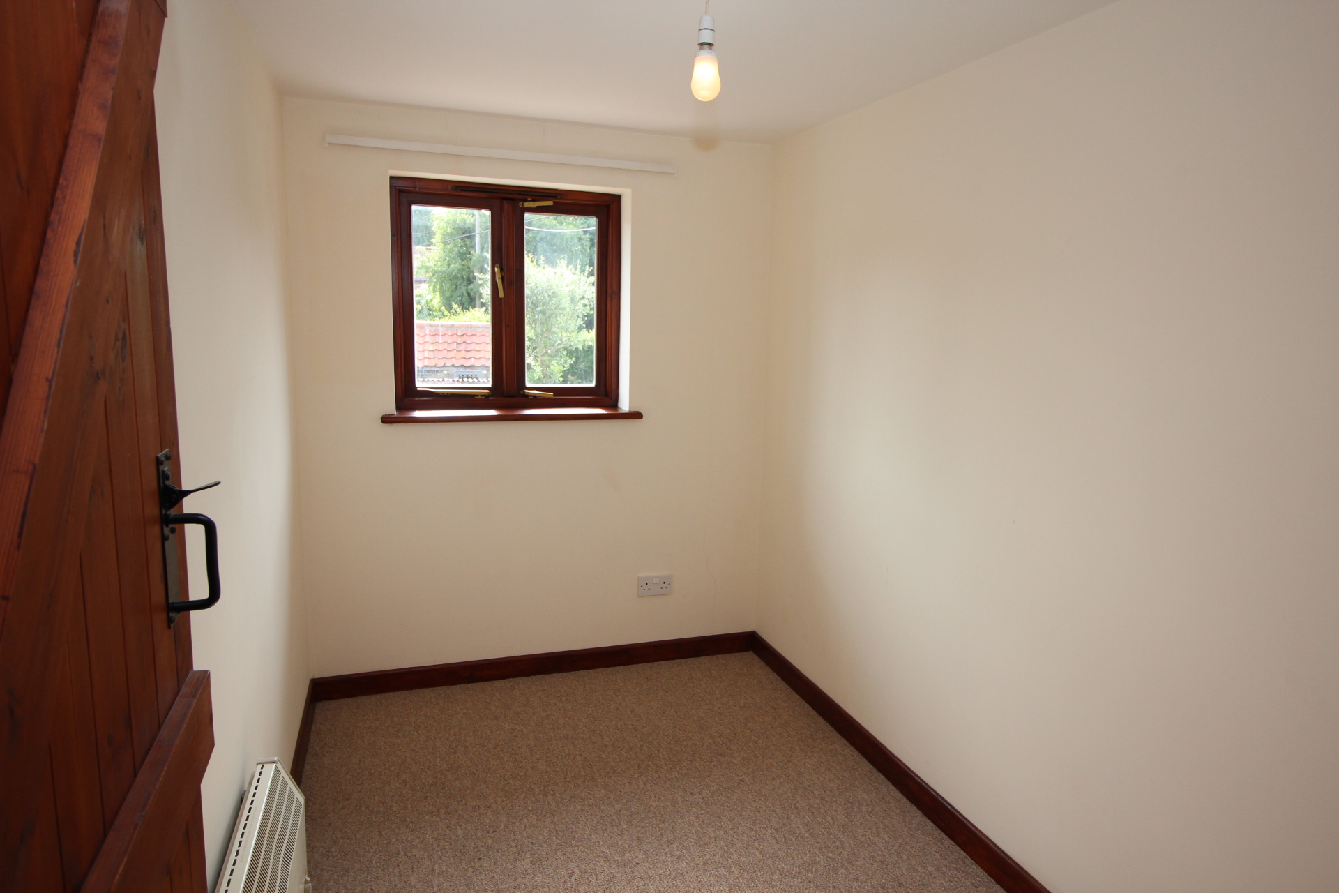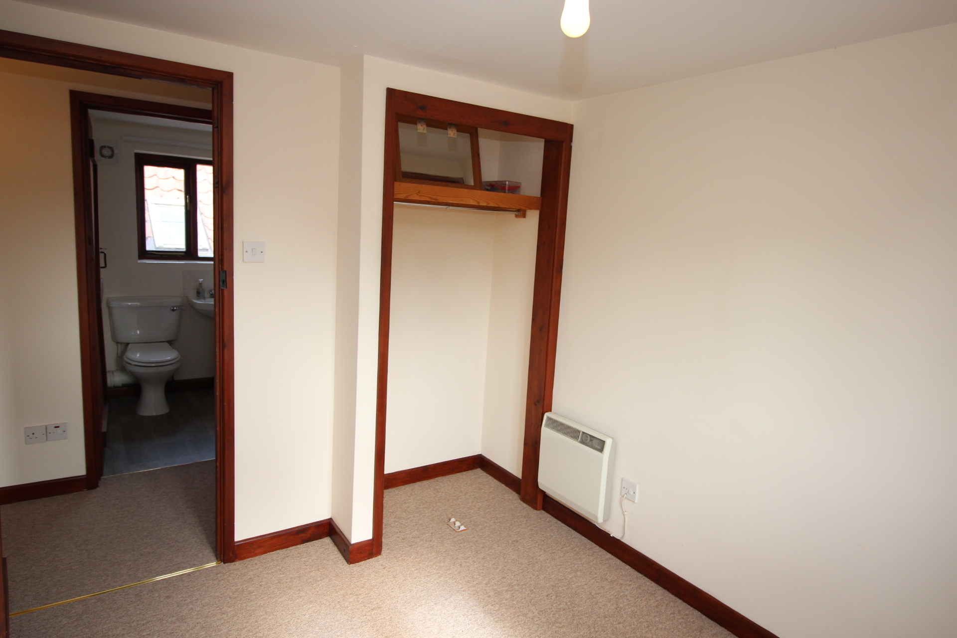 Fitted wardrobe cupboard, electric radiator, fitted carpet and a window to the front.
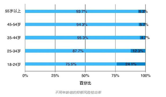 本次研究發(fā)現(xiàn)在成年人群中,青年為抑郁的高風險群體,18~24歲年齡組的抑郁風險檢出率高達24.1%,顯著高于其他年齡組。25~34歲年齡組的抑郁風險檢出率為12.3%,顯著低于18~24歲年齡組,顯著高于35歲及以上各年齡組。焦慮風險檢出率的年齡差異呈現(xiàn)類似趨勢。
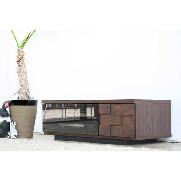 引き出し部分に装飾された凸凹タイルデザインと、スマートな見た目のブラックガラスの引き扉がスタイリッシュな印象を与えます。シンプルなデザインの家具とマッチします。
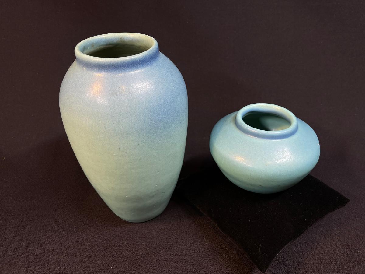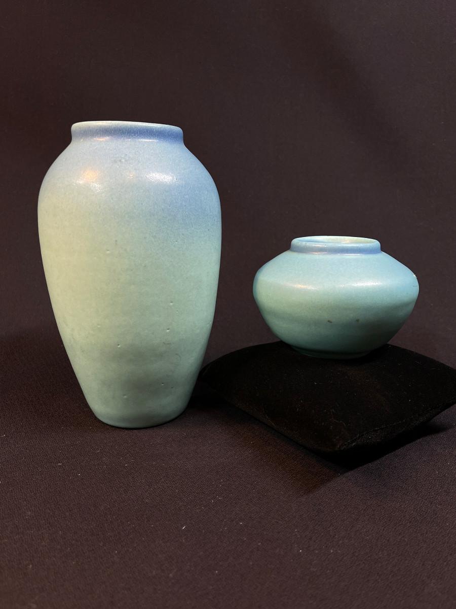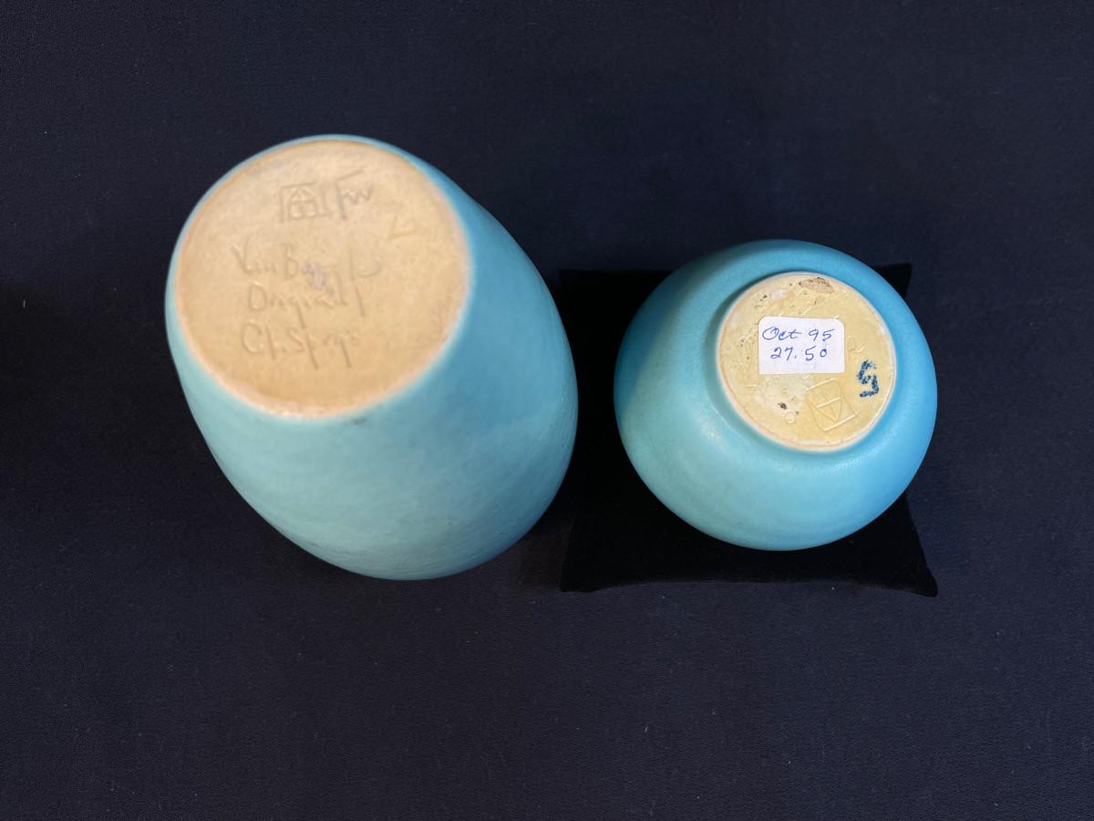 The subject item is comprised of two vintage Ming Blue Van Briggle vases. The squat form, marked “original” sports a slightly darker, more saturated glaze. The piece is also marked with a glazed #5. The standing vase, also marked “original”, is marked with the initials “FW.”
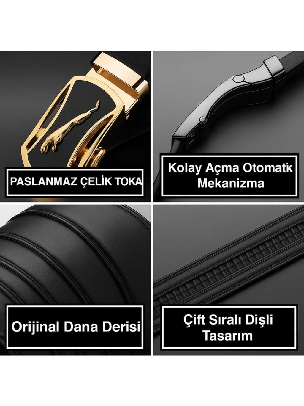 Premium Raylı Paslanmaz Çelik Toka Hakiki Deri Otomatik Erkek Kemer Lüks Hediyelik
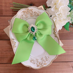 オクラ リボンヘアアクセサリー バレッタ ポニーフック クリップ リボンゴム 個性的 グリーン
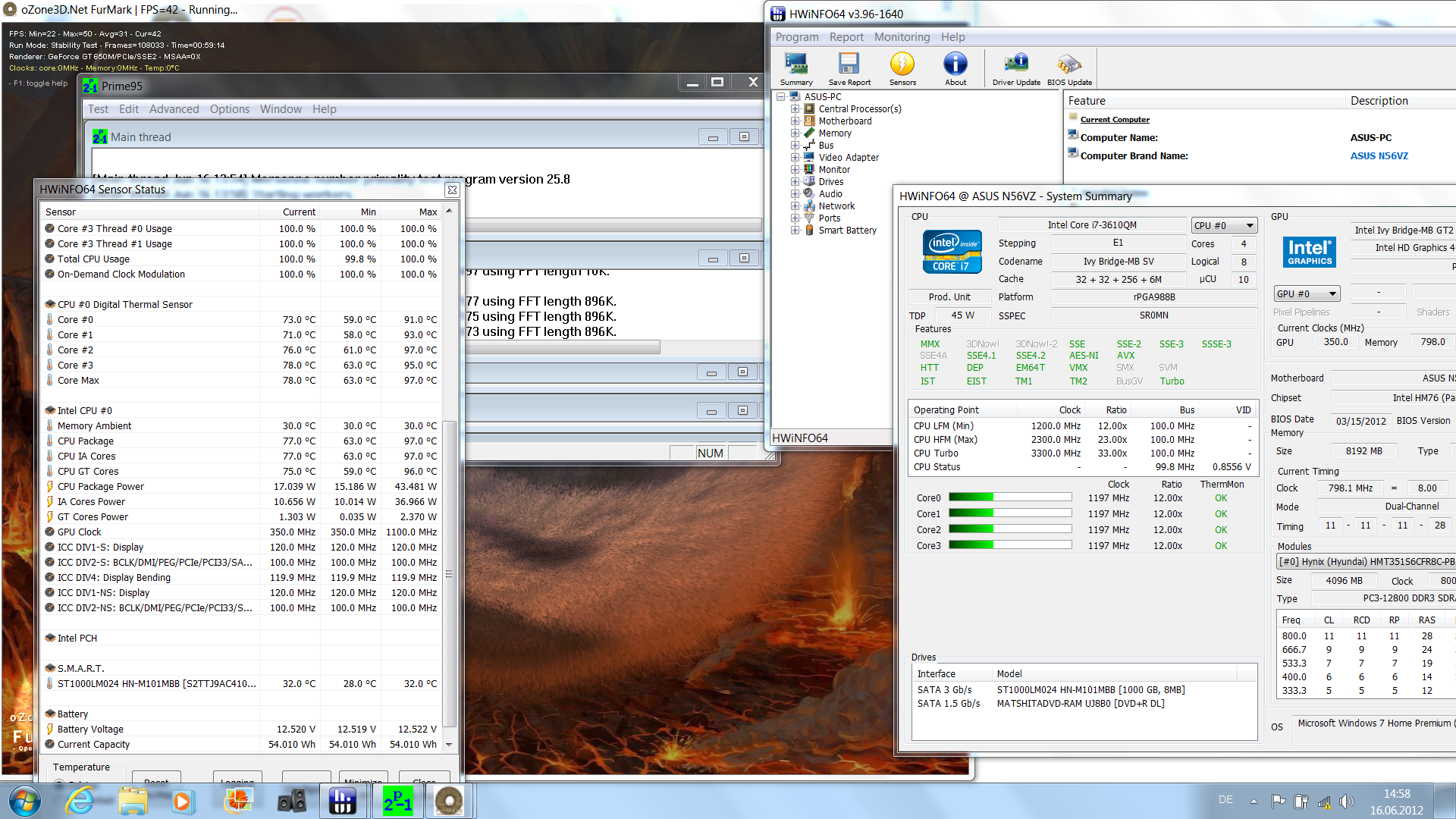 Das von uns parallel getestete Pre-Sample des Asus N56VM mit stärkerem Core i7-3720QM und der Nvidia GeForce GT 630M zeigte jedoch im Test keinerlei Throttling. Nach anfänglichen erwarteten Turbo Frequenzen von bis zu 3,6 GHz pendelte sich die CPU danach bei normalen 2,6 GHz ein (bei angezeigten 85-87°C Kerntemperaturen in HWInfo64). Auch die GPU erreichte laut FurMark die maximale Taktfrequenz und blieb mit 73°C im Rahmen. Auch ein im Anschluss ausgeführter Cinebench R11.5 erreichte ein erwartetes Ergebnis von 5,9 Punkten (unteres Ende der 3720QM durch wenig Turbo Boost Einsatz wegen der Resthitze). Bei 24,5°C Umgebungstemperatur, sollte das N56VM dadurch allen Belastungen gewachsen sein, ohne zurücktakten zu müssen.
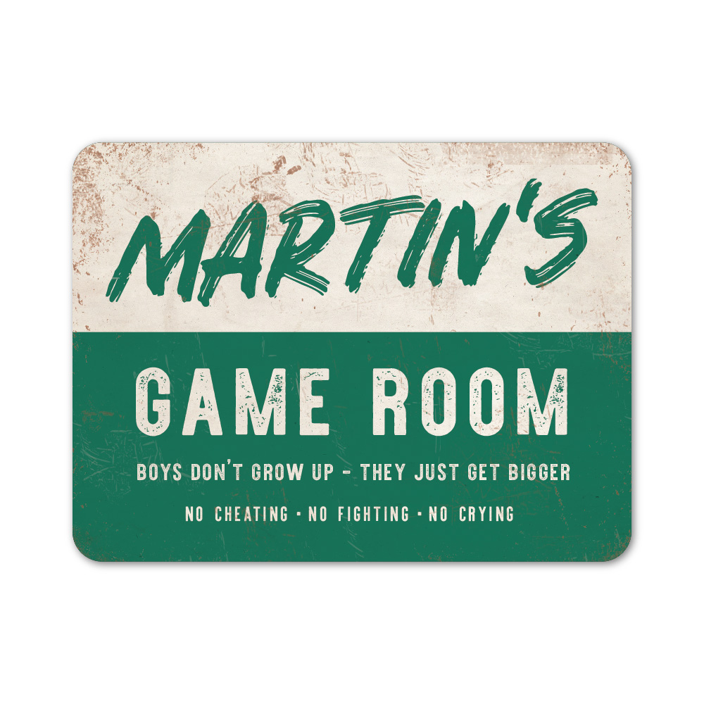 Mooi donker groen wit “vintage” rechthoekig naambordje met jouw voornaam. Geïnspireerd door oude borden. Stoer en origineel naambordje voor bij de kamerdeur van jouw man/vader/zoon. Maar natuurlijk ook leuk en origineel als cadeau voor iemand die gek is van gamen of bijvoorbeeld de (nieuwe) mancave.
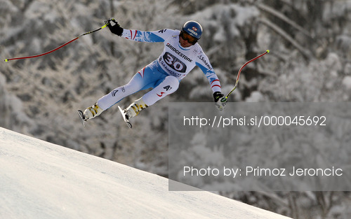 : Second placed Georg Streitberger of Austria skiing in men downhill race of FIS Alpine skiing World Cup in Garmisch-Partenkirchen, Germany. Men downhill race of FIS Alpine skiing World Cup in Garmisch-Partenkirchen, Germany, was held on Saturday, 23rd of February 2013.
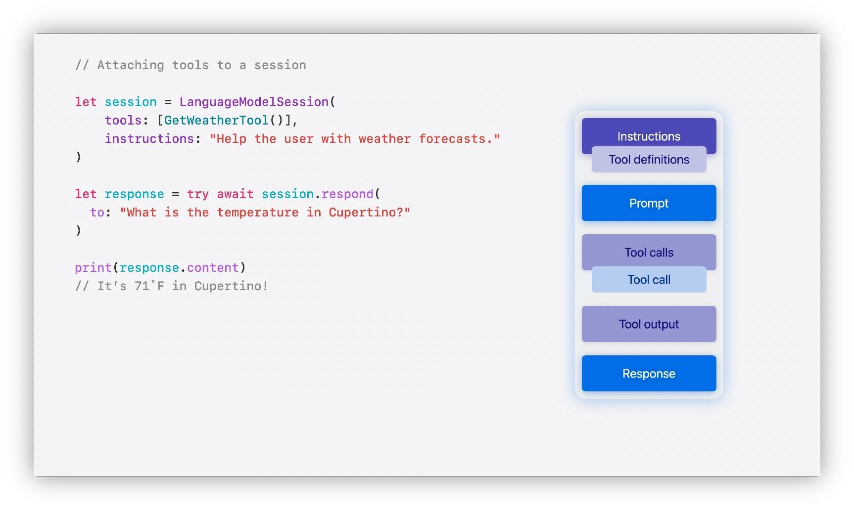 파운데이션 모델 프레임워크는 애플 인텔리전스를 구동하는 애플의 온디바이스 대규모 언어 모델에 대한 접근을 제공하여 사용자의 특정 사용 사례에 맞는 지능형 작업을 수행할 수 있도록 지원합니다.

# # # # # # #

__TASK DETAILS__
Set down exactly, line for line, the data from the line that contains "of February 2013." through its last line, keeping pictures out.

__OUTPUT FOR THIS TASK__
 : Second placed Georg Streitberger of Austria skiing in men downhill race of FIS Alpine skiing World Cup in Garmisch-Partenkirchen, Germany. Men downhill race of FIS Alpine skiing World Cup in Garmisch-Partenkirchen, Germany, was held on Saturday, 23rd of February 2013.
 파운데이션 모델 프레임워크는 애플 인텔리전스를 구동하는 애플의 온디바이스 대규모 언어 모델에 대한 접근을 제공하여 사용자의 특정 사용 사례에 맞는 지능형 작업을 수행할 수 있도록 지원합니다.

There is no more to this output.